Dr Iain Berrill, head of technical at Salmon Scotland, said: “September is usually one of the most challenging months for survival, but interim figures suggest that monthly survival in September is expected to be above 96.5 per cent, compared to 95.3 per cent in the same month last year.

“There is no question that 2023 has been a challenging year, but the ongoing hard work by our farmers has provided good conditions for their salmon, despite record-breaking seawater temperatures here in the UK and globally.

“However, while there is always a level of fallen stock in any farming operation, the numbers this year are not where any farmer would want them to be. It is utterly devastating to the farmers caring for those animals when any fish are lost.

“Our ability to address the environmental challenges facing our fish while they spend up to two years in the sea has improved, but there is always more we can do to further improve survival.

“But the sector is resilient in the face of climate change and we have a track record of being pro-active and constantly adapting to environmental challenges.
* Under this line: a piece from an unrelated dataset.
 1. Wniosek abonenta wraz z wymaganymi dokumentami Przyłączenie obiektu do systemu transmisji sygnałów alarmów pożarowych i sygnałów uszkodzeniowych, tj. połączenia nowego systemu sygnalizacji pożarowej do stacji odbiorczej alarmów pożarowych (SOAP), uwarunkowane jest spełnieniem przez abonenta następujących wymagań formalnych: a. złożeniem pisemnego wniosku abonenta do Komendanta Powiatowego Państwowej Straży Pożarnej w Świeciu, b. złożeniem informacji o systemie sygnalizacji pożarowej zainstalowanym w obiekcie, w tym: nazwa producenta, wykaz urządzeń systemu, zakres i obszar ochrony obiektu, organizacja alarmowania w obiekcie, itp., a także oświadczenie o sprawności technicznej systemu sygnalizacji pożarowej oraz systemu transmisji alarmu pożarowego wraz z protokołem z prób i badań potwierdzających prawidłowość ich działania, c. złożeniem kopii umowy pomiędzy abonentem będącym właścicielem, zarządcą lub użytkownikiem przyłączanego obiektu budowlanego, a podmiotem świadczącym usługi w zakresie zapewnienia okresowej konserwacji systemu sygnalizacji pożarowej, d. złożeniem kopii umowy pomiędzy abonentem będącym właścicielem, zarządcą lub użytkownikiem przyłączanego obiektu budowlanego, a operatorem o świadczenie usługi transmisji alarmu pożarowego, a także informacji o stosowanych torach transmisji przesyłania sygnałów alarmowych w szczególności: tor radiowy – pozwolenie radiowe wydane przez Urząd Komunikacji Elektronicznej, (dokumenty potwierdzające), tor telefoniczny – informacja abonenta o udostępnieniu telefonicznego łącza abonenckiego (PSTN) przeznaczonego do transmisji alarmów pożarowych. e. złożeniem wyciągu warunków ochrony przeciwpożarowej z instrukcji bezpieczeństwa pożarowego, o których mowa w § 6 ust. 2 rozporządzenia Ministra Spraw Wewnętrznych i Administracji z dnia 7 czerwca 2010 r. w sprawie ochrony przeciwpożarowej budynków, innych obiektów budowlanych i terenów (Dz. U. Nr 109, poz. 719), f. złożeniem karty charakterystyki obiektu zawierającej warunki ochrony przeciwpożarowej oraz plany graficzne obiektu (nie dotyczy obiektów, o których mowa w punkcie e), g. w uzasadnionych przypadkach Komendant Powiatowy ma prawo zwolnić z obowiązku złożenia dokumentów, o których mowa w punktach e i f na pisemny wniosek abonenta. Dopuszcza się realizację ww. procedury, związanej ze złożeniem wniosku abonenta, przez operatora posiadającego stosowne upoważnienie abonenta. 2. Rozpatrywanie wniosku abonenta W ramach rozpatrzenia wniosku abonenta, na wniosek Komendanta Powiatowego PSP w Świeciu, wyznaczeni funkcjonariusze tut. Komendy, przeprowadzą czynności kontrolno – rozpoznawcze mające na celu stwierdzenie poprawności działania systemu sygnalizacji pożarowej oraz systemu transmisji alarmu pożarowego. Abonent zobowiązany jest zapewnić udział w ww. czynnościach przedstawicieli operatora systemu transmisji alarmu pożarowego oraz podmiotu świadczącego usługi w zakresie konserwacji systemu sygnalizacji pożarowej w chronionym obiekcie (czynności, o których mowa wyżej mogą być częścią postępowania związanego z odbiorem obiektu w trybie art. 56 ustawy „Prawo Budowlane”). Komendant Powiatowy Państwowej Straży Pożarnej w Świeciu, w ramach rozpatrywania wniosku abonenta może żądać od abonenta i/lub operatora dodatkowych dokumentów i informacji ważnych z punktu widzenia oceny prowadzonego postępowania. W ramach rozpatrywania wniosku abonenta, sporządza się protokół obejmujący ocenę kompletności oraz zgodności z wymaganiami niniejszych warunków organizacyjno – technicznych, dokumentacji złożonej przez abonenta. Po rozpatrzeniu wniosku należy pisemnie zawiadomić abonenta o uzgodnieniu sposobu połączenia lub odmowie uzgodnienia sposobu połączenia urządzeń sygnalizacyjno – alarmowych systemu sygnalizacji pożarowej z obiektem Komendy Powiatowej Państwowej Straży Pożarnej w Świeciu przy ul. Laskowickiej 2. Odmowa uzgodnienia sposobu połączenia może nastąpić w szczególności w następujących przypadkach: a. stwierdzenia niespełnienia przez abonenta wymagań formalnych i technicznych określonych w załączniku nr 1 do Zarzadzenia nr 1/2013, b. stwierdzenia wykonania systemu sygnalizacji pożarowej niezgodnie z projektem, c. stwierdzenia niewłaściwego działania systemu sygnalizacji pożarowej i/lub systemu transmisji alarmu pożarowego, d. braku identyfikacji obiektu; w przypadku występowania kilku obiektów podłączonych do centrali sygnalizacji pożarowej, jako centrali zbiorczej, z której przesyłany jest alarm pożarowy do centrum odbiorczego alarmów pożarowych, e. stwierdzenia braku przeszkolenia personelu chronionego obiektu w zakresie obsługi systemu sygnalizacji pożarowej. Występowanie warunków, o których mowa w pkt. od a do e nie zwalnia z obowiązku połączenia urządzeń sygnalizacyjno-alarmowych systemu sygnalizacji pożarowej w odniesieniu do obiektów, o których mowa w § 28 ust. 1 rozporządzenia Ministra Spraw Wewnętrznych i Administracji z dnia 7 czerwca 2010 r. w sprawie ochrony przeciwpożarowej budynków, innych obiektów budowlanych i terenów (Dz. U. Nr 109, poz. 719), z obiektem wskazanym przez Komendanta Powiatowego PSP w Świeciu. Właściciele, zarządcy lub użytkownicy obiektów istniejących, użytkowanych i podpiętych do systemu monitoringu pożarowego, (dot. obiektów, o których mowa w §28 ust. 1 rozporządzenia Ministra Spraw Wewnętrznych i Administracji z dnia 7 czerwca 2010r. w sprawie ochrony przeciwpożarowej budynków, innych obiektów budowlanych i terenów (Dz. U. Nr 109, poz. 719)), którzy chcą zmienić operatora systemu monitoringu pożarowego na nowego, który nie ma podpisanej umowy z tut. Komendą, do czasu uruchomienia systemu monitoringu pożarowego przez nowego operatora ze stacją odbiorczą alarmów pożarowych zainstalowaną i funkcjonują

“Like all food-producing sectors, we must adapt to climate change and the aquaculture sector will continue to lead the world in healthy, sustainable salmon for decades to come.”

Following publication of the Scottish Fish Farm Production Survey 2022 the Cabinet Secretary for Rural Affairs, Land Reform and Islands Mairi Gougeon said: “I welcome the publication of these statistics. Scotland’s aquaculture sector is a significant contributor to our economy, generating approximately £885 million GVA and an estimated 11,700 jobs while producing healthy and nutritious products.

"It is good to see a small uplift in direct employment in the sector, and to see innovations and new strategies being deployed by the sector having a positive impact.

“For example, we’ve seen a reduction on the reliance of imported salmon ova (eggs) and an increase in production and hatches in Scotland. This strengthens our domestic supply chain and improves resilience. We also know that some companies are working to change their production strategies, for example by increasing the average size of fish put to sea and reducing the marine phase of production.

“These figures also show that farmers are proactively responding to environmental and biological challenges and pressures, for example by making the responsible decision where necessary to harvest smaller fish to support health and welfare, which has resulted in decreased production figures.”